In the past, I was a researcher in the field of Micro and Nanotechnology. I have been engaged in Data Science for the last 3+ years. I’m a Kaggle Grandmaster (Top 100 rank) and a prize-winner on different competition platforms (DrivenData, TopCoder, Kaggle). I have a strong belief that solutions and hacks from competitions are applicable for a large number of real-world cases. Today, I will illustrate the list of useful approaches, thereby starting a new series of machine learning articles on Dbrain Medium.

A year ago, our team came up with an approach that scored #7 out of 900+ in the ranking at the Kaggle competition. It would be fair to say that every technique that we used is still applicable — not only for competitions but also for a training of production-oriented neural network solutions. Our task was to classify satellite imagery of forests in the area of Amazon Basin. Here is how it went.

Setup

Planet has produced a dataset presented in two formats: TIFF 16 bit RGB + Near Infra Red and JPG 8bit RGB. As was mentioned above, the dataset was compiled from satellite imagery of the Amazon Basin.

The task was to predict a class for every 256х256 tile, choosing a label from four mutually exclusive weather alternatives (Cloudy, Partly Cloudy, Haze, Clear) and one or more non-weather related (Agriculture, Primary, Selective Logging, Habitation, Water, Roads, Shifting Cultivation, Blooming, Conventional Mining). The “cloudy” label excluded any other.

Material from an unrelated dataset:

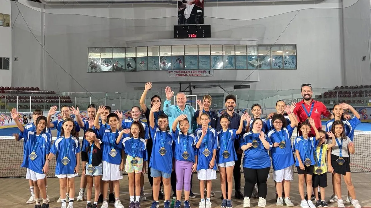 İzmir Büyükşehir Belediyesi’nin yaz spor okulları ile portatif havuzlarından yararlanan çocuklar sertifika ve madalyalarına kavuştu.İZMİR (İGFA) - İzmir Büyükşehir Belediye Başkanı Dr. Cemil Tugay’ın “Spor Başkenti İzmir” hedefi doğrultusunda minikler yaz tatillerini sporla iç içe geçirdi. Bornova Âşık Veysel Rekreasyon Alanı’ndaki Buz Sporları Salonu’ndaki ücretsiz yaz spor okulları ile Konak ve Bayraklı’da açılan portatif havuzlardan yararlanan 7-13 yaş arasındaki çocuklar madalya ve sertifika sevinci de yaşadı.

The model precision was measured by the F2 score. Since the dataset is relatively small (~40k images) but consists of large images, it can be considered as “MNIST on steroids”.

Context

From the task overview, it was clear that one doesn’t really need a rocket science to solve this problem. All we had to do was to fine-tune a pre-trained neural network, and due to Kaggle specifics, to stack a bunch of other models on top of it. But of course, it was not enough to score #1: model ensemble had to be diverse and every element had to have an outstanding performance.

Teamwork

In order to win the gold medal we gathered a team of seven competitors with similar results on the leaderboard:

Aleksander Buslaev
Aleksey Noskov
Konstantin Lopuhin
Artur Kuzin
Evgeny Nizhibitsky
Ruslan Baikulov
Vladimir Iglovikov

Training Process

Each one of us was developing a completely independent pipeline, the only things being shared were a common repository, prediction formatting, and parameters of cross-validation.

A Common Approach

Image from https://github.com/tornadomeet/ResNet

This graph represents a usual learning process: stochastic gradient descent with a randomly initialized weights (LR 0.1 Nesterov Momentum 0.0001 WD 0.9), after 30 epochs the learning rate is decreased tenfold. Basically, we used the same approach, however, in order to accelerate the training phase, we lowered the learning rate if loss function did not show any decrease on validation for 3–5 epochs. As an alternative to that, some members of our team reduced the number of epochs on every LR step and lowered and performed a scheduled learning rate decrease.

Data Augmentation

The augmentation strategies have to reflect the diversity of the data. Conventionally they are divided into two groups: those that are adding bias to the data and those that are not. The bias is considered as a change in various low-level statistics, i.e. color histogram and a histogram of specific object size. For example, the HSV augmentation and scaling strategies tend to add bias while the random cropping tactic does not.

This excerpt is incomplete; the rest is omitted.